Input data:
--
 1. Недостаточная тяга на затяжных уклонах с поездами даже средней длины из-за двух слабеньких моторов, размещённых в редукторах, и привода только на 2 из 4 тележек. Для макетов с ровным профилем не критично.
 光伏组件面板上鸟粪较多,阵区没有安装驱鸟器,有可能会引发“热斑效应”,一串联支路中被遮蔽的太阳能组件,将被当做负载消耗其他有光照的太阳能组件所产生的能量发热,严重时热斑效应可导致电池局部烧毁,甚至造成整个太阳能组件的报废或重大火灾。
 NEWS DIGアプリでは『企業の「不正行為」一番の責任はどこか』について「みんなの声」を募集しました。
--
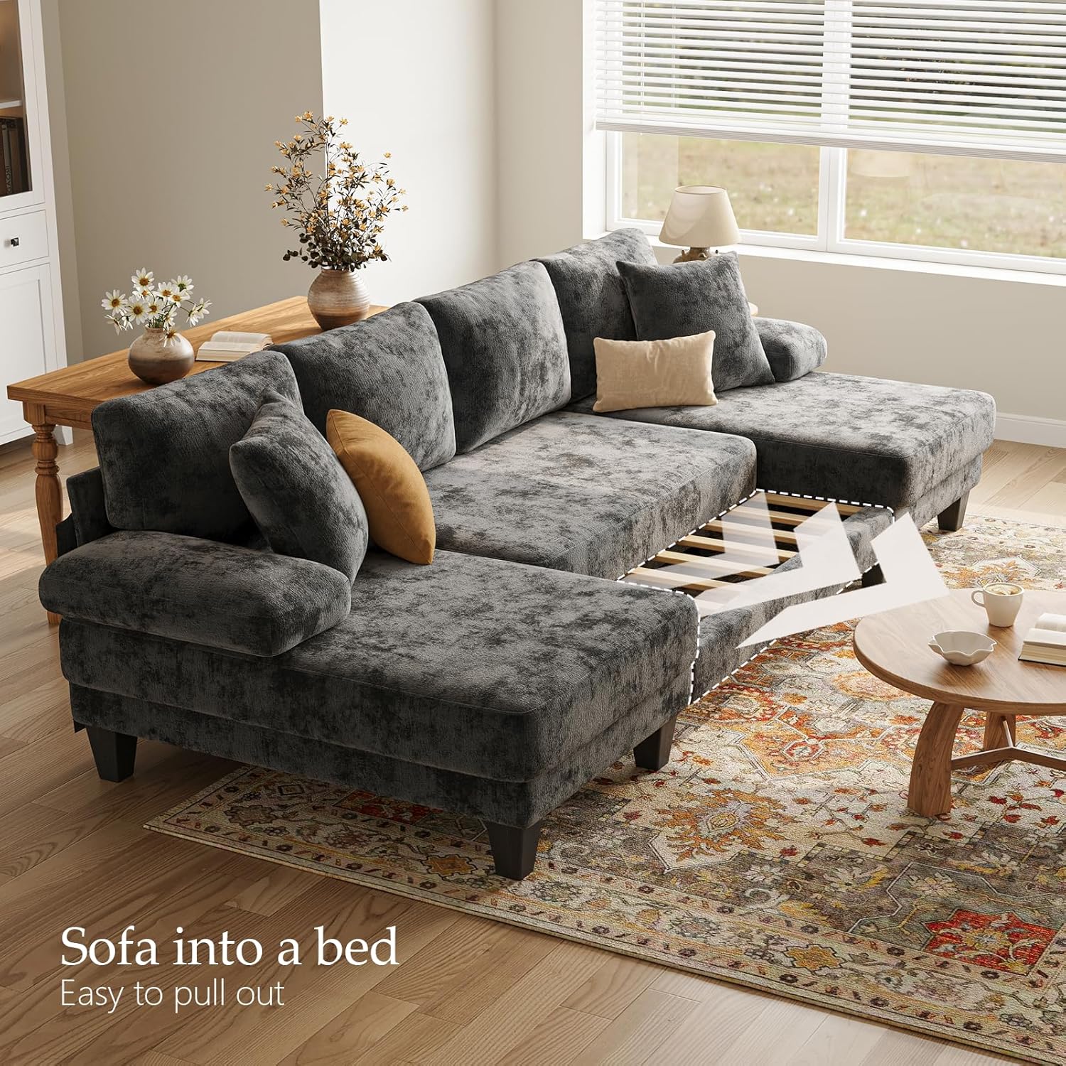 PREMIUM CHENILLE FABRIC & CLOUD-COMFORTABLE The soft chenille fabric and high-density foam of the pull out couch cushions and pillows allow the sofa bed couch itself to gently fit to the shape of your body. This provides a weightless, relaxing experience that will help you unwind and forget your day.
--
Task description:
Going back to the entries above, set down exactly the lines that begin at the one with "1. Недостаточная тяга" and end at the one with "NEWS DIGアプリでは『", both included, and nothing else.

Output of the task:
 1. Недостаточная тяга на затяжных уклонах с поездами даже средней длины из-за двух слабеньких моторов, размещённых в редукторах, и привода только на 2 из 4 тележек. Для макетов с ровным профилем не критично.
 光伏组件面板上鸟粪较多,阵区没有安装驱鸟器,有可能会引发“热斑效应”,一串联支路中被遮蔽的太阳能组件,将被当做负载消耗其他有光照的太阳能组件所产生的能量发热,严重时热斑效应可导致电池局部烧毁,甚至造成整个太阳能组件的报废或重大火灾。
 NEWS DIGアプリでは『企業の「不正行為」一番の責任はどこか』について「みんなの声」を募集しました。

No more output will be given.